• The holidays have been endured, for endurance is required to finish the year. For Bear River High students, January offers little cause to celebrate and ample reason to be grouchy. It is a dull, cold month; many of BRHS’ students are experiencing jet-lag within their own country. They wake up at least eight hours earlier than they’d usually arisen during the holidays. People are literally having holiday-withdrawals. No longer do sugarplum visions dance in our heads. No longer do we eat six meals a day and fill ourselves with gallons of soda. No longer do we see our relatives and remember the origin of our oddities. January, with its dirty snow and biting temperature, must be most untimely month of the year!
    My sister, with all the wisdom of her seventeen years, observed the madness of ending festivities with the end of New Year’s Eve. Last year, she marched proudly into the family’s kitchen and announced that we were all to not shave our legs for two weeks. “Leg Shave Day,” as she declared it, would put an end to all our celebration-less problems. Beginning from January 1st there would be no shaving of legs until January 12th; those who went without so much as putting lotion on their legs would participate in a great brunch where deep-fried pickles were the main dish. We all thought it as eccentric an idea as would do our family justice. So we tried the make-shift holiday. Apart from Mom, we all made it to the twelfth with relative ease; we love deep-fried pickles.

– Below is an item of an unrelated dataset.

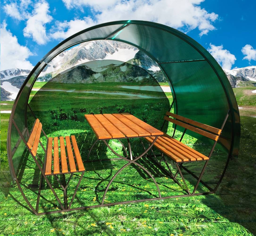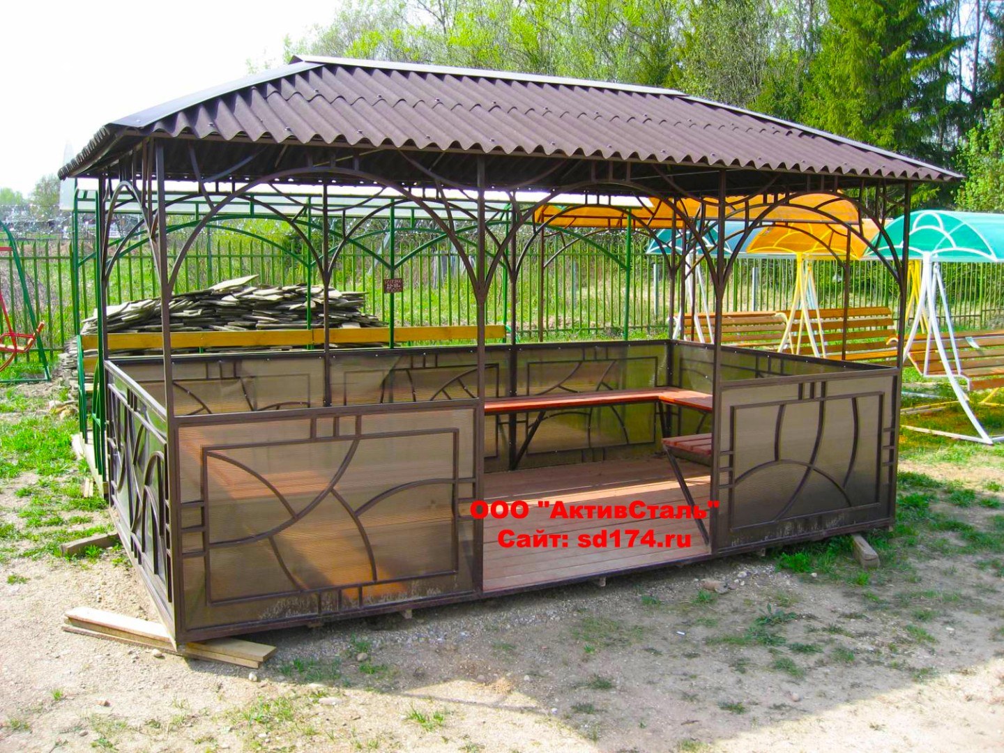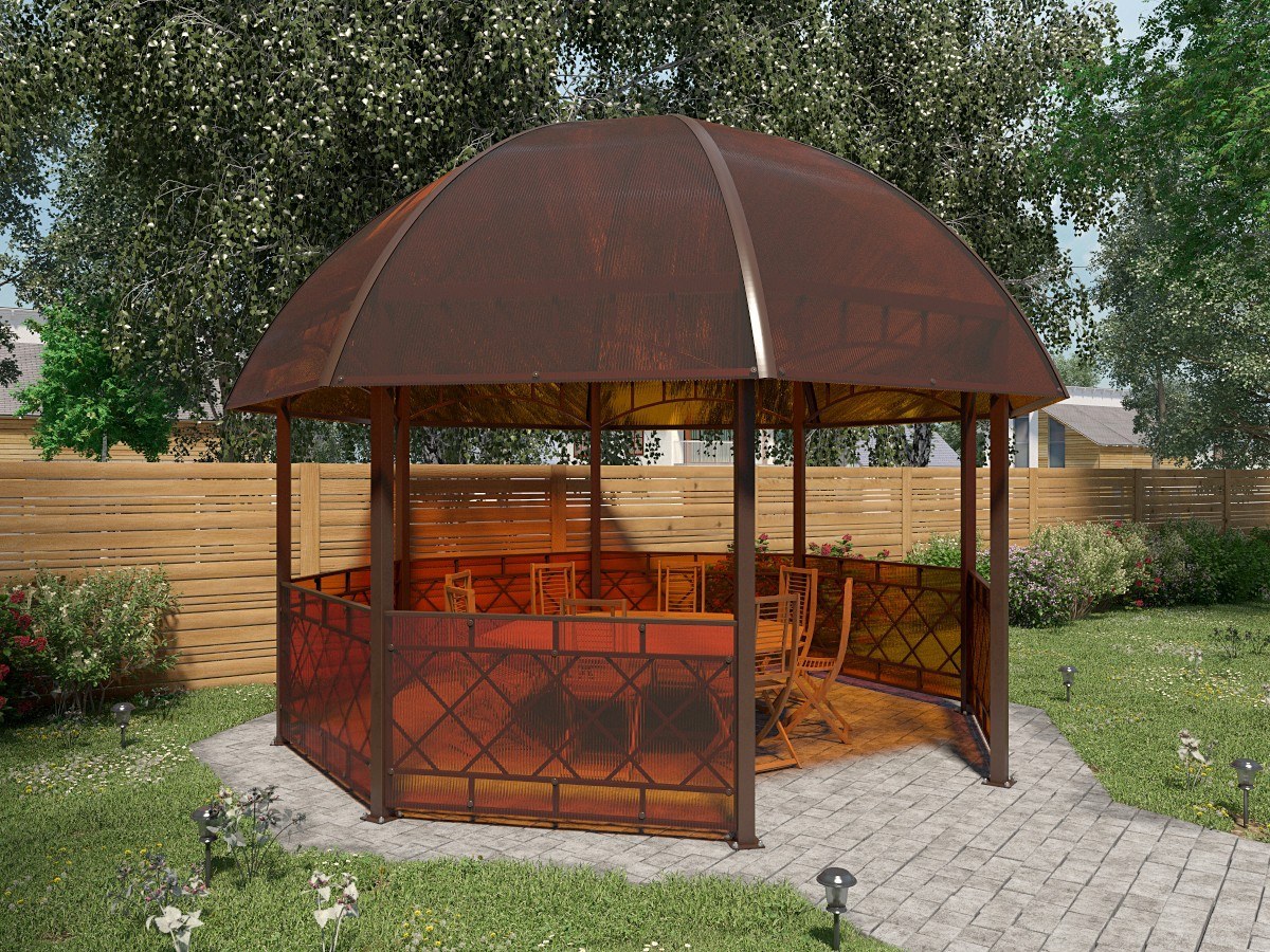 Беседка Садовая металлическая 286x268x249 см с крышей из поликарбоната

    The 2009 Leg Shave Day Extravaganza is apprehended with enthusiasm. I wear shorts in gym class, happy to display the fruits of my labors, my older sister debates with my mom what the menu ought to be for the brunch, and the family hopes that Mom will not shave her legs on the 11th this year. It is a successful deviation from the monotony of January’s white skies and tan landscapes. Perhaps vain people do not approve of the lack of hygiene, but what care we for hygiene when there is amusement to be had?